As we have been saying for months, this isn’t a
Catholic-only issue. It goes to the very heart of our
American experiment, and threatens a doctrine the
West has cherished for generations. But the word is
spreading, and a recent move by one of America’s
foremost Evangelical colleges has made it clear that
many Christians are willing to stand together in defense
of religious liberty.
And as Dr. Timothy George, dean of Beeson Divinity
School, chairman of the Colson Center, and co-author
of the Manhattan Declaration, pointed out at our recent
Wilberforce Weekend, it was a Protestant standing up
for Catholics who gave us the idea of religious freedom
as we now know it when he broke the spiral of silence
four centuries ago.
In 1612, the English-speaking world first heard the
radical idea of Thomas Helwys, a British missionary
who co-founded the Baptist denomination. Helwys
sought to challenge King James I’s tyranny over
religion. This was no easy or safe task. For years, those
who sought to practice Christianity according to their
own consciences faced severe persecution. The year
before, Baptist Edward Wightman was been burned at
the stake for his beliefs. And while Helwys was
working in The Netherlands, his own wife was thrown
into prison back home.
Desperate to stop the persecution, Helwys spoke up.
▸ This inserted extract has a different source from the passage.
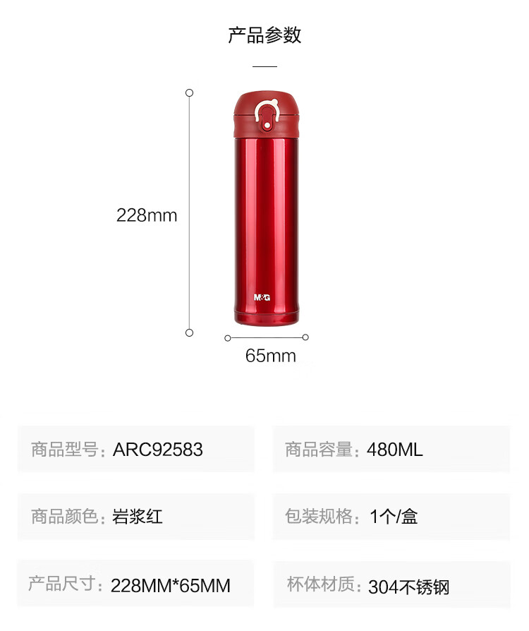 ¥63.00匡迪保溫杯水杯華象保溫杯水杯創(chuàng)意彈跳蓋高真空保溫杯男女彈蓋杯一鍵開(kāi)啟不銹鋼保溫杯庚美水杯 寶石紅520ml
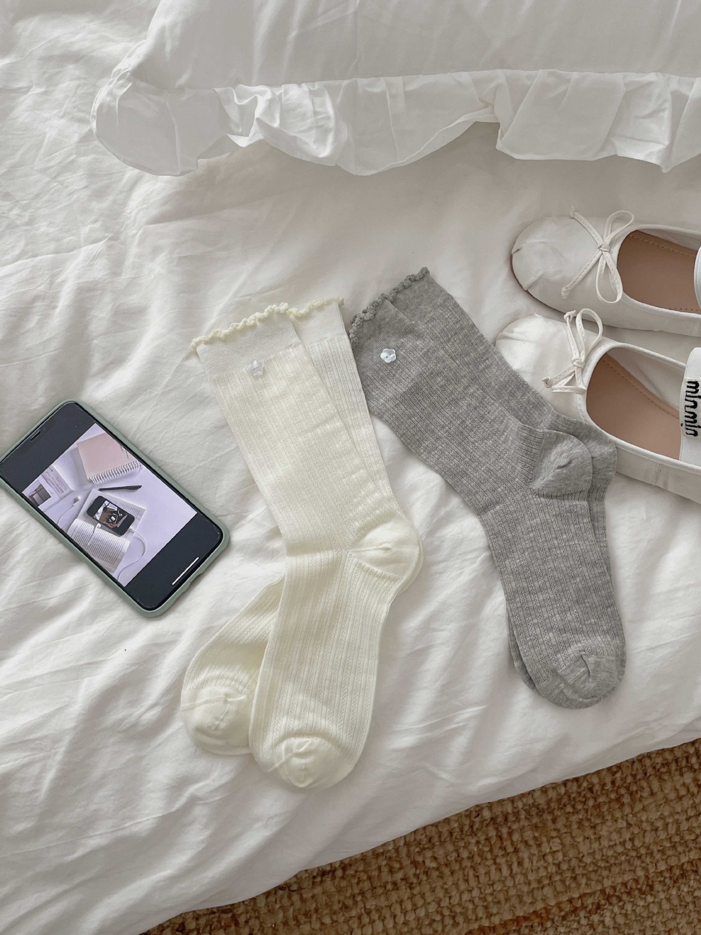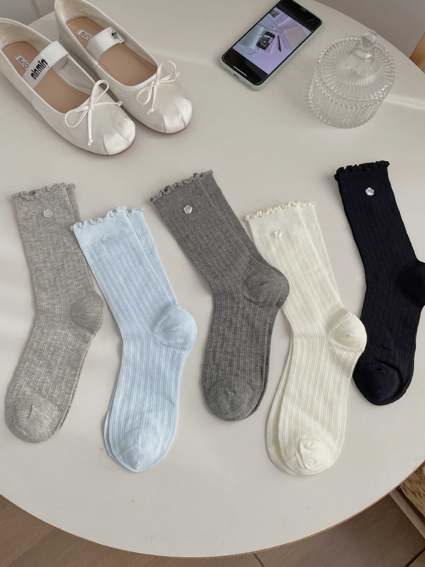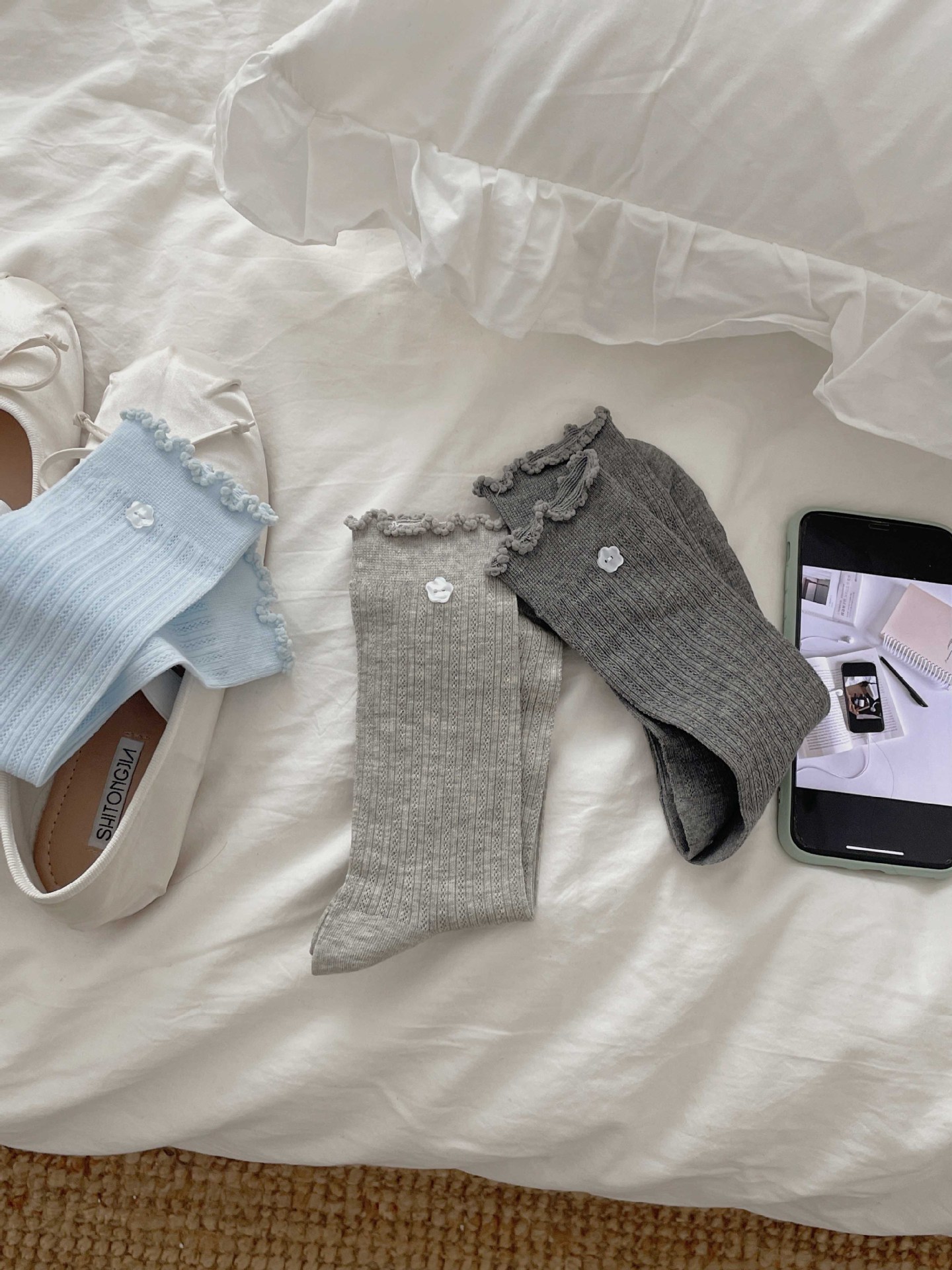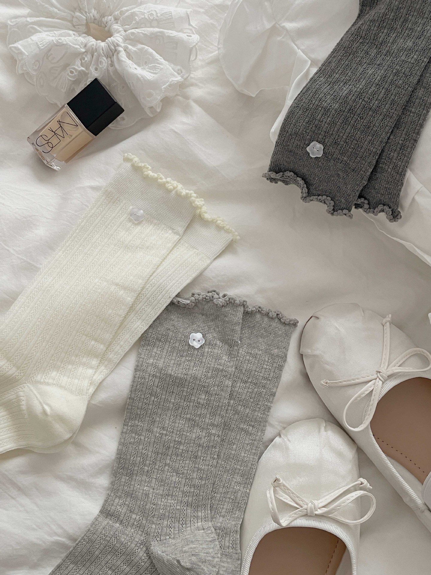 秋冬新品songmu韩国ins灰色丝绒蝴蝶结雪花百搭潮袜棉无骨中筒袜 RMB:4.60

But rather than beg the king for mercy, he made an
audacious move that ultimately cost him his life.
With his book, “A Short Declaration on the Mystery of
Iniquity,” hot off the press, Helwys attached a polite
cover letter and mailed this historic defense of religious
liberty to King James. Needless to say, the king was
less than pleased, and four years later, Helwys died in
Newgate Prison, a victim of the persecution he sought
to end.
But the radical idea of his book (and the church he
helped start) lived on, and was adopted not only in
England, but throughout the Western World — most
famously in the First Amendment of our own
Constitution.
His words renouncing the persecution against Roman
Catholics are worth repeating here:
“For we do freely profess that our lord the king [of
England] has no more power over their consciences
than over ours, and that is none at all. For our lord the
king is but an earthly king, and he has no authority as a
king but in earthly causes…For men’s religion to God
is between God and themselves.”
Earlier this month, the Evangelical Wheaton College
joined its voice with the growing ranks of Catholic
institutions suing the Obama Administration over the
HHS mandate. Wheaton filed the suit jointly with The
Catholic University of America, making this “the first
ever partnership between Evangelicals and Catholics
opposing the same regulation in the same court.”
This historic decision “shows the broad consensus” that
the HHS mandate threatens everyone’s religious
liberty, says Kyle Duncan, General Counsel for the
Becket Fund, which is representing both schools.
Thomas Helwys would be proud. As another
overreaching government tries to forbid us from living
out our faith in all areas of life, we need to join with
Wheaton and Catholic University and stand together,
across our faith traditions, for the freedom Helwys
helped give us, and remind this government that our
consciences answer to a higher King than James.